• Dataset records:
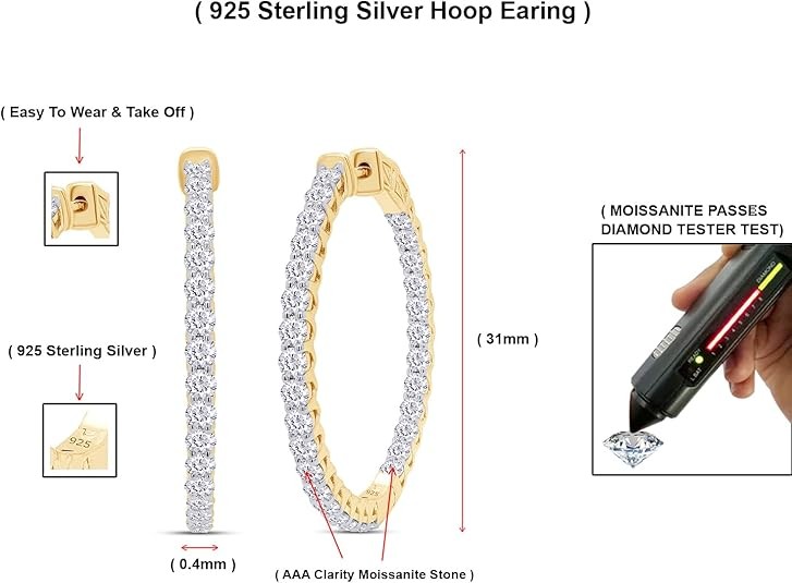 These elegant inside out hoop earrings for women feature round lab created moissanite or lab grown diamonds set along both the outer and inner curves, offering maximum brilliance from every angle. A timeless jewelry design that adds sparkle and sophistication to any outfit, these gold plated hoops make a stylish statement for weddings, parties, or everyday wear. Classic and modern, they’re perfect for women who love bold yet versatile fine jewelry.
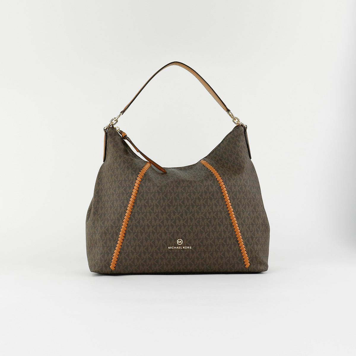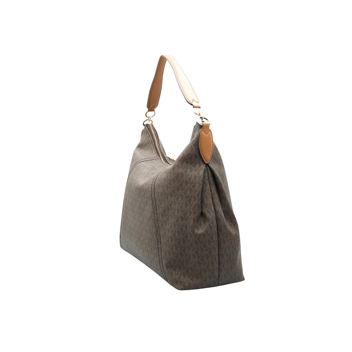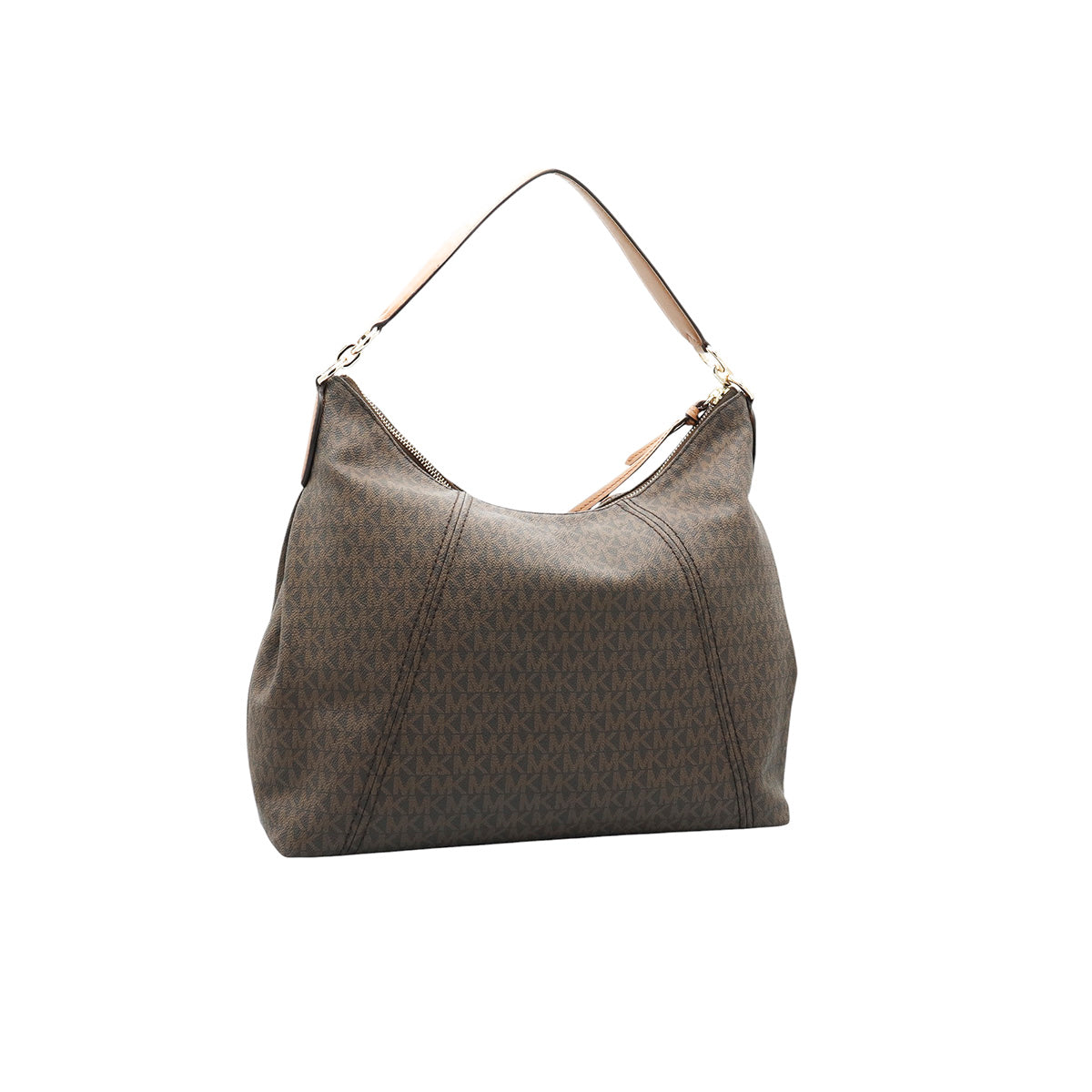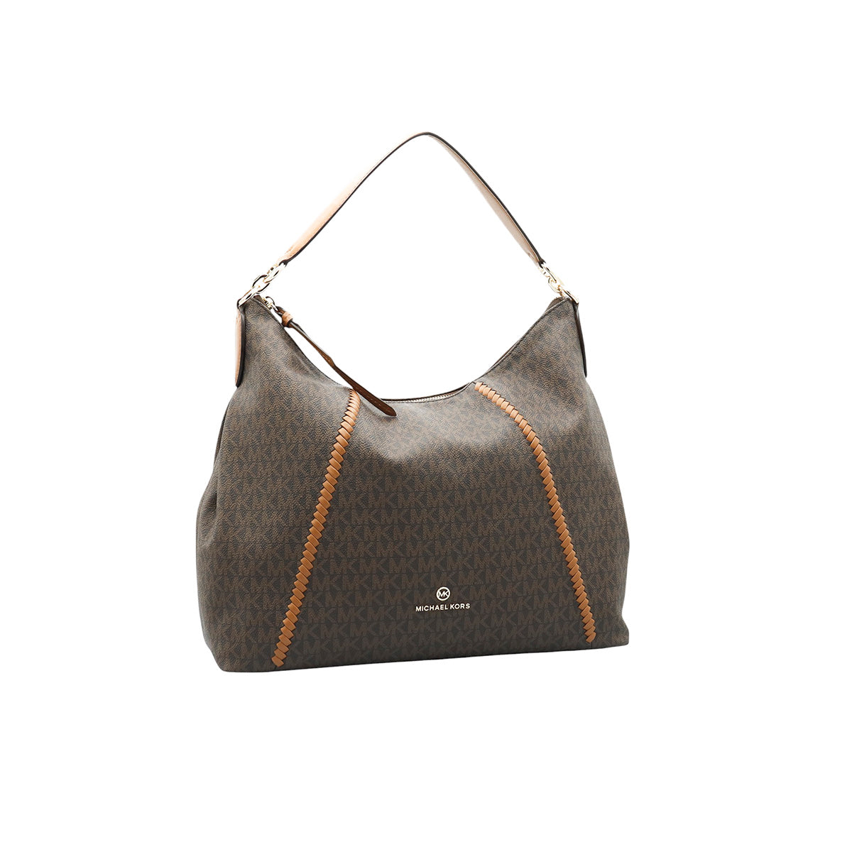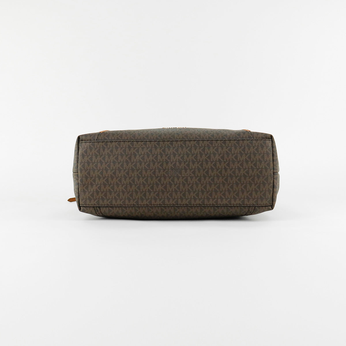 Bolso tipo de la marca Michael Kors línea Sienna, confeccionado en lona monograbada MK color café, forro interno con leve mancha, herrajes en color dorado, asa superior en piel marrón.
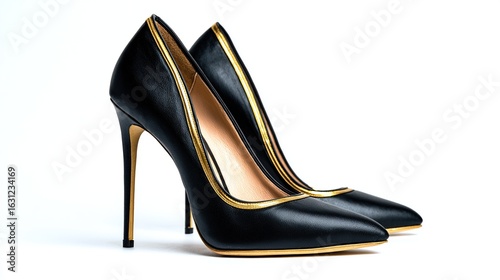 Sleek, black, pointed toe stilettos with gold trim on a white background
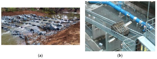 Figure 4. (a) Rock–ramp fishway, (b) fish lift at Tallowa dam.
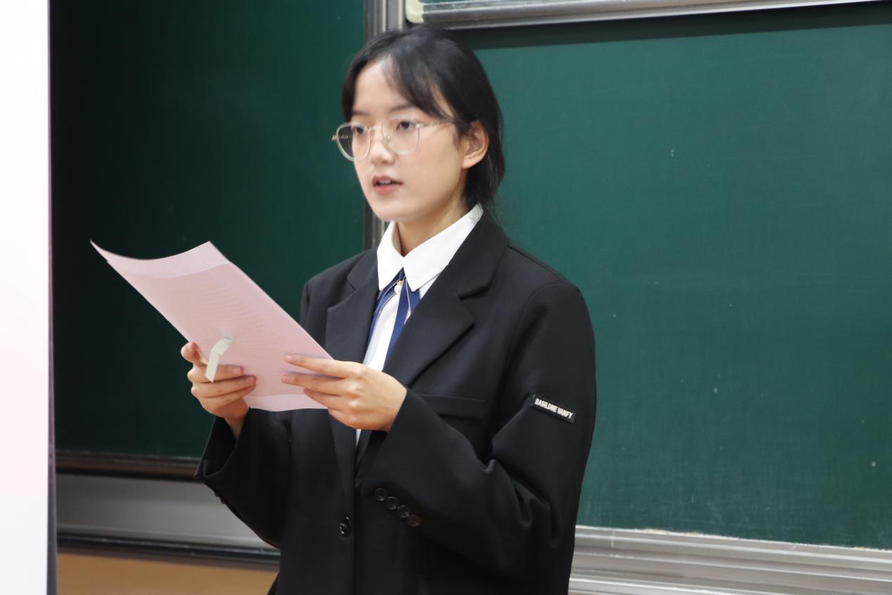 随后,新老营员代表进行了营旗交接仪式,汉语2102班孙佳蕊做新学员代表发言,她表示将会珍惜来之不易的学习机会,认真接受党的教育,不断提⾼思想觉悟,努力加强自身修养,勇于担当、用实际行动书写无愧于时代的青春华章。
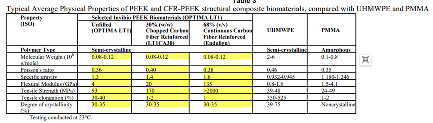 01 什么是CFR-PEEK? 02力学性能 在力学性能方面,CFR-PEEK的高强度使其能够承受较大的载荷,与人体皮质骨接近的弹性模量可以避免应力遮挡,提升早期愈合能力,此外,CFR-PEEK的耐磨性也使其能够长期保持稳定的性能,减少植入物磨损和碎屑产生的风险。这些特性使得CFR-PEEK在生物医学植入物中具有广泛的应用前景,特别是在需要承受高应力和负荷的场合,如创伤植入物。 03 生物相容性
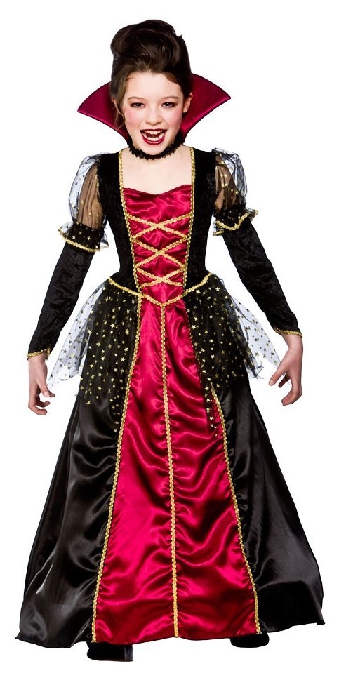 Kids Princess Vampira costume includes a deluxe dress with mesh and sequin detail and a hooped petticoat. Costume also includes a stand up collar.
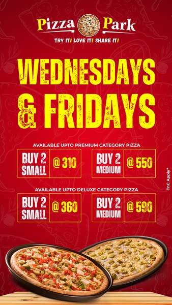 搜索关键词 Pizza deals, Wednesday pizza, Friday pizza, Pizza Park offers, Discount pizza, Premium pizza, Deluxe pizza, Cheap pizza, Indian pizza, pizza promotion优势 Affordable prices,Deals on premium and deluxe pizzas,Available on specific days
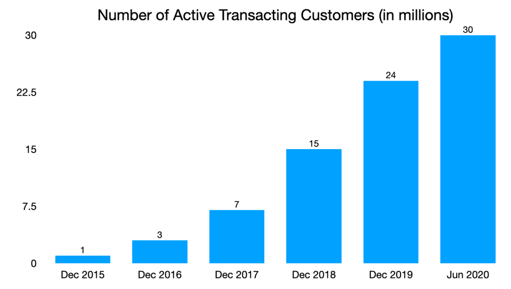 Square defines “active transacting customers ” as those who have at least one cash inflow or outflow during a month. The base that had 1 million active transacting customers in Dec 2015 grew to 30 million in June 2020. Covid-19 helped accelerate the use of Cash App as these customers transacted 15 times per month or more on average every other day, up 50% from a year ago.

• Problem statement:
The reply should hold only the lines running from the top of the records to the line containing "搜索关键词 Pizza deals, Wednesday", both included, copied exactly with no pictures.

• Solved problem:
 These elegant inside out hoop earrings for women feature round lab created moissanite or lab grown diamonds set along both the outer and inner curves, offering maximum brilliance from every angle. A timeless jewelry design that adds sparkle and sophistication to any outfit, these gold plated hoops make a stylish statement for weddings, parties, or everyday wear. Classic and modern, they’re perfect for women who love bold yet versatile fine jewelry.
 Bolso tipo de la marca Michael Kors línea Sienna, confeccionado en lona monograbada MK color café, forro interno con leve mancha, herrajes en color dorado, asa superior en piel marrón.
 Sleek, black, pointed toe stilettos with gold trim on a white background
 Figure 4. (a) Rock–ramp fishway, (b) fish lift at Tallowa dam.
 随后,新老营员代表进行了营旗交接仪式,汉语2102班孙佳蕊做新学员代表发言,她表示将会珍惜来之不易的学习机会,认真接受党的教育,不断提⾼思想觉悟,努力加强自身修养,勇于担当、用实际行动书写无愧于时代的青春华章。
 01 什么是CFR-PEEK? 02力学性能 在力学性能方面,CFR-PEEK的高强度使其能够承受较大的载荷,与人体皮质骨接近的弹性模量可以避免应力遮挡,提升早期愈合能力,此外,CFR-PEEK的耐磨性也使其能够长期保持稳定的性能,减少植入物磨损和碎屑产生的风险。这些特性使得CFR-PEEK在生物医学植入物中具有广泛的应用前景,特别是在需要承受高应力和负荷的场合,如创伤植入物。 03 生物相容性
 Kids Princess Vampira costume includes a deluxe dress with mesh and sequin detail and a hooped petticoat. Costume also includes a stand up collar.
 搜索关键词 Pizza deals, Wednesday pizza, Friday pizza, Pizza Park offers, Discount pizza, Premium pizza, Deluxe pizza, Cheap pizza, Indian pizza, pizza promotion优势 Affordable prices,Deals on premium and deluxe pizzas,Available on specific days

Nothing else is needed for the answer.